* _TASK INSTRUCTIONS_
Return every line of the data that contains the string "their".

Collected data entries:
------------------------------------------------------------
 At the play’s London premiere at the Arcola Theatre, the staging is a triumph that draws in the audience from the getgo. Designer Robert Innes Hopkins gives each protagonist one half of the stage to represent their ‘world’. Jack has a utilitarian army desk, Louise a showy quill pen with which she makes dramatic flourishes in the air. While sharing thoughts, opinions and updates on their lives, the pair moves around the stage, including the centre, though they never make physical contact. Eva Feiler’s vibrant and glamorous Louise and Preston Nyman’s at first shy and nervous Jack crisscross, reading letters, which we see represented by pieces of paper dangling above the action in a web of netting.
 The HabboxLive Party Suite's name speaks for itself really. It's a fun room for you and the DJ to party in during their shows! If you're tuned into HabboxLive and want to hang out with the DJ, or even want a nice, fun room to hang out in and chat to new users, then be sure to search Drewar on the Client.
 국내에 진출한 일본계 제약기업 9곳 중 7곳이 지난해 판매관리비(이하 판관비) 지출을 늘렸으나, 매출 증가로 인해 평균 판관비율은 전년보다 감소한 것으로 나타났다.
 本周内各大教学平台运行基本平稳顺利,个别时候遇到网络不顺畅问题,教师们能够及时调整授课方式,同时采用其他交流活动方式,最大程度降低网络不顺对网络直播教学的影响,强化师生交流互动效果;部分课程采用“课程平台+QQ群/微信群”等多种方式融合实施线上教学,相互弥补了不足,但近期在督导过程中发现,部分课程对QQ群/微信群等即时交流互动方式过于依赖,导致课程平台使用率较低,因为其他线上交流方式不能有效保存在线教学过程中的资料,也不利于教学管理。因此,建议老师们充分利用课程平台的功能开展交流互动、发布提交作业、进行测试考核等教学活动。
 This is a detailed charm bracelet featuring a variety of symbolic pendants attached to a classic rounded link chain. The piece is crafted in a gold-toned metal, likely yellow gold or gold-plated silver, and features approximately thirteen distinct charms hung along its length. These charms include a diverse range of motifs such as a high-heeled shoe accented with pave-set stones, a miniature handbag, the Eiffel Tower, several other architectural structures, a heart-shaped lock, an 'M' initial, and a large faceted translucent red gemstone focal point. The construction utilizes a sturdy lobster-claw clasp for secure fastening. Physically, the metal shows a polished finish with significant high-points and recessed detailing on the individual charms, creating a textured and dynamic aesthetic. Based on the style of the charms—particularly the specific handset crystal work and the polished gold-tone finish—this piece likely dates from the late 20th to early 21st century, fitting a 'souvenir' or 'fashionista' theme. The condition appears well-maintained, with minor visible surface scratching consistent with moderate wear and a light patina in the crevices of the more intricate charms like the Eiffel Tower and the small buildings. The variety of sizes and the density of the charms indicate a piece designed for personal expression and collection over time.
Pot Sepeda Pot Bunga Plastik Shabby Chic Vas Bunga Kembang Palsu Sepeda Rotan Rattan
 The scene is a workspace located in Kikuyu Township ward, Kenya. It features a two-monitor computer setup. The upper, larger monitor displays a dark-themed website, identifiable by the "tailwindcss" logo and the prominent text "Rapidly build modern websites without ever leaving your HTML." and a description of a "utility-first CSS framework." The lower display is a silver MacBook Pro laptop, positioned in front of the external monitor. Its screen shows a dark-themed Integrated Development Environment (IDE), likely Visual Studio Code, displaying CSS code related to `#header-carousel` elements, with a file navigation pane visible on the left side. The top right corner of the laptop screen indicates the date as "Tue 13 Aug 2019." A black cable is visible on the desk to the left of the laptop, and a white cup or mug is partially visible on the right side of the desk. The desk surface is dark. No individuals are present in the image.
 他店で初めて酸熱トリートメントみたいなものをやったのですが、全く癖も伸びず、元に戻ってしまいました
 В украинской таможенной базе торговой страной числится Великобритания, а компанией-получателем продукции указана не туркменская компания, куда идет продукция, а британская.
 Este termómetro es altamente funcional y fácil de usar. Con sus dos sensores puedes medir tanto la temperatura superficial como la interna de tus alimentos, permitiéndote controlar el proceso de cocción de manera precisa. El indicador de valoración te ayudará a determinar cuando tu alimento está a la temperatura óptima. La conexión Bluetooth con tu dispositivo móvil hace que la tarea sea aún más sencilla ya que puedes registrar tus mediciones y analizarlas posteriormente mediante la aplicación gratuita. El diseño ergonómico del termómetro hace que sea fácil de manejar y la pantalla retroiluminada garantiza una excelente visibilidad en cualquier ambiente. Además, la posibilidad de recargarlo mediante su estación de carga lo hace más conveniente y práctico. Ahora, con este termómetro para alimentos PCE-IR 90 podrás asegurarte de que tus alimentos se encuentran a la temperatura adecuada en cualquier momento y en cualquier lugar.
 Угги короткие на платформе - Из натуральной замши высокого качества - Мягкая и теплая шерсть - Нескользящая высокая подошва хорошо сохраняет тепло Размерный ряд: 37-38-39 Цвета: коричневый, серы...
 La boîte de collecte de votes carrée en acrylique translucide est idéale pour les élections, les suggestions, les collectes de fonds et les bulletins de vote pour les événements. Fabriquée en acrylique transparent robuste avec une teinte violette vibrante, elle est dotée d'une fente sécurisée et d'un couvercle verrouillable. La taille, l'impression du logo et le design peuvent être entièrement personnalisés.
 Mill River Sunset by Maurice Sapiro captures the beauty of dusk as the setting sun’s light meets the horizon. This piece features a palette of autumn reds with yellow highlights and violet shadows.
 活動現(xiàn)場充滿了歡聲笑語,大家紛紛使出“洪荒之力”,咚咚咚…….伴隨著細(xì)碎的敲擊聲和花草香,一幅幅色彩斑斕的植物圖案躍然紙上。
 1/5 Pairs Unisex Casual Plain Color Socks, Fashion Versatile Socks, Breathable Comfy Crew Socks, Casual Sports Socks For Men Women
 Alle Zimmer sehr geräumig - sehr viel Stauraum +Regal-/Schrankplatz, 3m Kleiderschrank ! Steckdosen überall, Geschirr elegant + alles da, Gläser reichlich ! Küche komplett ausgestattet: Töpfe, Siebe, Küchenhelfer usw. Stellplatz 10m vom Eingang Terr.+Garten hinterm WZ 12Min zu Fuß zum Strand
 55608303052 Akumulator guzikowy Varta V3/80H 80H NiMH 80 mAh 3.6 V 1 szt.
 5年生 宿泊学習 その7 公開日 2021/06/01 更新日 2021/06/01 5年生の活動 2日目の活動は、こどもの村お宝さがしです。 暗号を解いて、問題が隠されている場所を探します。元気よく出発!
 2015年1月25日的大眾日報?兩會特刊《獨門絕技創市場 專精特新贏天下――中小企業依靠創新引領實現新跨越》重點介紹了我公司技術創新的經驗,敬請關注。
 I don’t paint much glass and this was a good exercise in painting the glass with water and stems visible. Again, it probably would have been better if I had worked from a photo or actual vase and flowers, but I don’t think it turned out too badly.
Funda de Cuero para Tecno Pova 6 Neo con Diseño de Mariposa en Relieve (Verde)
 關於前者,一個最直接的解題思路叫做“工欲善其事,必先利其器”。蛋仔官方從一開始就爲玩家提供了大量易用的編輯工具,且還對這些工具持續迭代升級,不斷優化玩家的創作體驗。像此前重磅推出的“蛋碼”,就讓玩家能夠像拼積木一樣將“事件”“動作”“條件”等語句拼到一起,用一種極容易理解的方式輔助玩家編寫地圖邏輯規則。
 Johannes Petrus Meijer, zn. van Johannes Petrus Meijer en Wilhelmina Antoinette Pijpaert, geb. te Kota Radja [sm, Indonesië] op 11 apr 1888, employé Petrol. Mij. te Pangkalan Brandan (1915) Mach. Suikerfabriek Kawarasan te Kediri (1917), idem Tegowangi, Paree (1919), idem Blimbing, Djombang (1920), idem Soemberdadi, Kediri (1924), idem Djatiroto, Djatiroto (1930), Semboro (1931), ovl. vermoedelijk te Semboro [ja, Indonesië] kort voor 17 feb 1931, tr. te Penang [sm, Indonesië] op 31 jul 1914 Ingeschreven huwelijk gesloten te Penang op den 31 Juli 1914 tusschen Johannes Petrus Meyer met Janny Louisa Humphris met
------------------------------------------------------------
* _REPLY TO THE TASK_
 At the play’s London premiere at the Arcola Theatre, the staging is a triumph that draws in the audience from the getgo. Designer Robert Innes Hopkins gives each protagonist one half of the stage to represent their ‘world’. Jack has a utilitarian army desk, Louise a showy quill pen with which she makes dramatic flourishes in the air. While sharing thoughts, opinions and updates on their lives, the pair moves around the stage, including the centre, though they never make physical contact. Eva Feiler’s vibrant and glamorous Louise and Preston Nyman’s at first shy and nervous Jack crisscross, reading letters, which we see represented by pieces of paper dangling above the action in a web of netting.
 The HabboxLive Party Suite's name speaks for itself really. It's a fun room for you and the DJ to party in during their shows! If you're tuned into HabboxLive and want to hang out with the DJ, or even want a nice, fun room to hang out in and chat to new users, then be sure to search Drewar on the Client.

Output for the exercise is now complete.